I’m not ashamed I didn’t know what to do with Phillip. I’m glad I was of some practical use by cleaning and sorting his laundry. Looking back, this was a part of my journey…the part where I go down Dumb Path. But I was beginning to feel a separation occurring within me.
Many of my friends would’ve vouched for Over-Programmed Side. But I didn’t want their approval anymore than I wanted Phillip to die of AIDS. And anyway, Softer Side was looking for a way out of the dark. I didn’t have the words to go before a jury and plead my case with any success, but there were compassionate words written on my heart and they had begun a love riot in my chest.

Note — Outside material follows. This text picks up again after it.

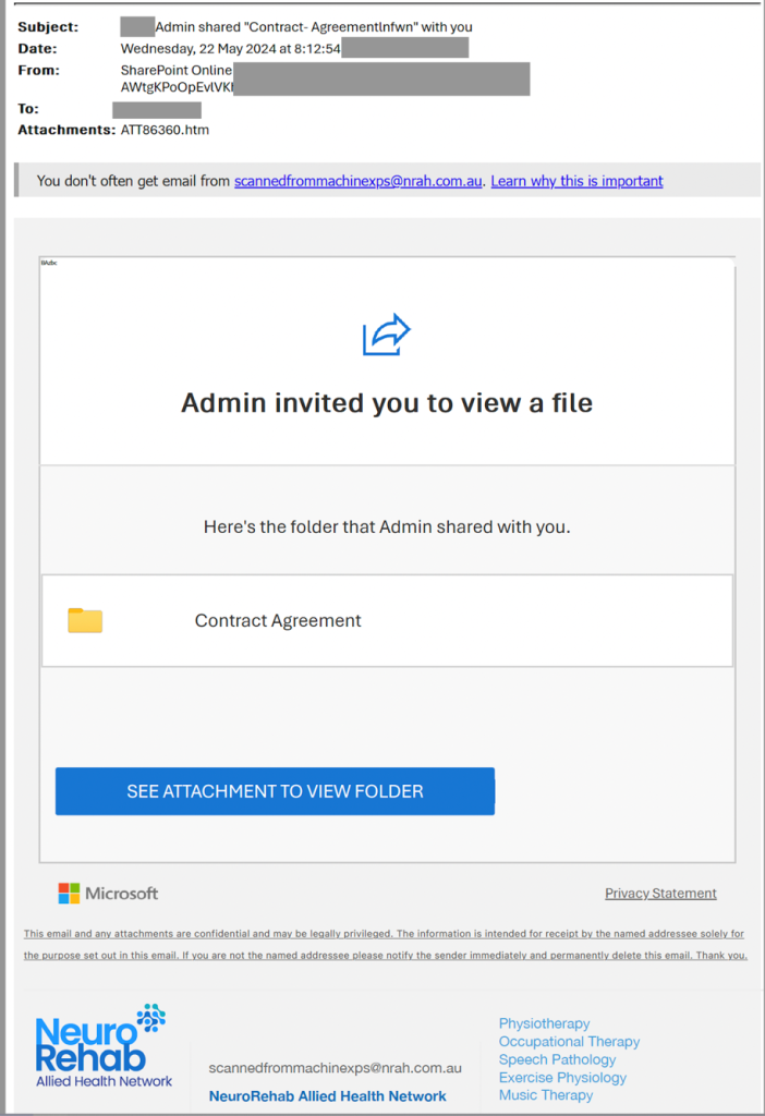 • Content: The emails contained a deceptive link, ostensibly leading to a SharePoint document but actually redirecting recipients to a phishing page designed to harvest credentials.

One of the many problems with government is full-on partisanship. I must FULLY support one liar over another…not to be too dismissive. Sometimes I still buy into this black and white sort of thinking. However, at my core I’m the kind of guy who bets his horse money on Holy Bull, but still keeps cash back for the old grey mare, even if she’s speckled and pregnant. Because there’s something about her. And I fully expect that one day she’ll come through and win the race.
At twenty-eight, I felt weakened by the kind of partisanship my faith demanded. If my faith was ALL right, it meant the faith of others was ALL wrong. But to them, I was all wrong. So which is it? It’s neither. And it’s both. You do the math. And be sure to show your work. Good luck with that.

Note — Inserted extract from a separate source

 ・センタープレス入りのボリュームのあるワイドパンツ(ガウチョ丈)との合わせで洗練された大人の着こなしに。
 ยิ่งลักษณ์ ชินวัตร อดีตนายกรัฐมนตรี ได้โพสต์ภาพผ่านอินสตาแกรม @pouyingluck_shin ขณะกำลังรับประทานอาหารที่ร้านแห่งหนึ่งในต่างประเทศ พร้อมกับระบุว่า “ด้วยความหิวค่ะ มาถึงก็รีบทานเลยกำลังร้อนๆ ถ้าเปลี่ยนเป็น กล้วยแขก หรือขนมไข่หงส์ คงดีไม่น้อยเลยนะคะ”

I spent nights in bed wondering what to do with Phillip, the broken-down man. Do I testify? Do I share my faith? Do I tell him that his life isn’t pleasing to the God of my partisan faith?

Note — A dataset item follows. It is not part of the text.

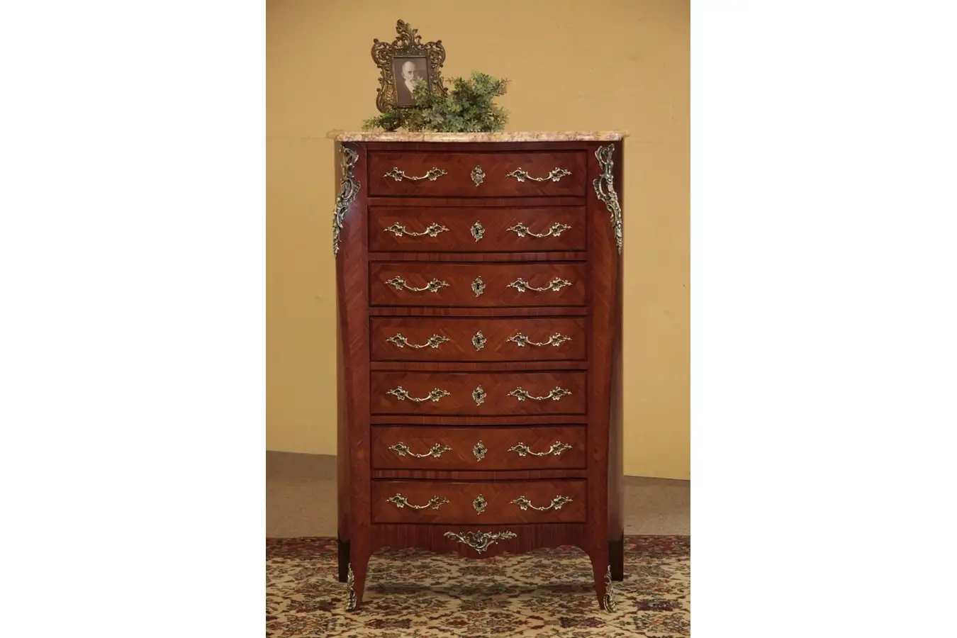This French "Semanier," or "weekly" 7 drawer lingerie chest, has a drawer for each day. Expert craftsmanship and beautiful European design is only part of the charm of this exquisite antique chest with a marble top.

It was all about words to me. All about the telling.
Share my faith? But how?
Words or laundry?
Laundry felt more like love. So did ironing. And doctor’s appointments, birthday parties, and letting him hold my baby. If faith is believing in something then I can tell you that I WAS sharing my faith, because I believed in Phillip.
I realize we are not all the same. I realize there are those who cannot leave an “i” undotted or “t” uncrossed. But this kind of all-or-nothing thinking is not real life. Jesus himself never dotted all his “i”s or crossed all his “t”s. He stepped in when whores were to be stoned. He made a way for his friend, Peter, who denied his friendship time and time again. He invited us…all of us…the broken and wrong, the Over-Programmed and the Softer Side. And he did it while we were still perfectly wrong about anything and everything.
I feel this pressure to “clear things up” when I write. To make you say, “Oh, okay then…I accept your point-of-view.” Look, my mind is nothing to write home about. My heart is bigger than my brain, so the unresolved questions that ruminate within me have a bit more elbowroom in my heart – and find it more peaceable there too.
On the shelf in my office are two topiary trees that Phillip handmade for me. They are in clay pots, one of which is broken. Aren’t we all?…just broken clay pots with stuff growing out of us. Good stuff and weeds, doing our best to be beautiful in one way or another.
Phillip was beautiful back then though I never saw it. I was too wrapped up in his sexual orientation to have seen his beauty. I don’t know that I deserved him. But I believe God’s grace gives us beautiful things we can’t see because he knows one day they’ll transform before our eyes and we’ll see them for what they truly are. And this is when WE will be changed.
I nearly threw out those clay pots when the first one broke because stuff was coming out the sides. But Softer Side insisted on keeping them both – the broken pot (which I adore) and the sturdy pot, which is just one tumble away from completing the set.
We are all broken…or will be. That’s the deal. Our need for something greater than ourselves, for Someone Greater, is a part of life none of us can escape. Ignore? Of course. Escape? I don’t think so. Because in the quiet, I can hear the words that are written on my heart – the ones that started a love riot. And each time I hear them I get this penetrating idea that Someone Greater is the one reading them – that Someone Greater is the one who put them there in the first place.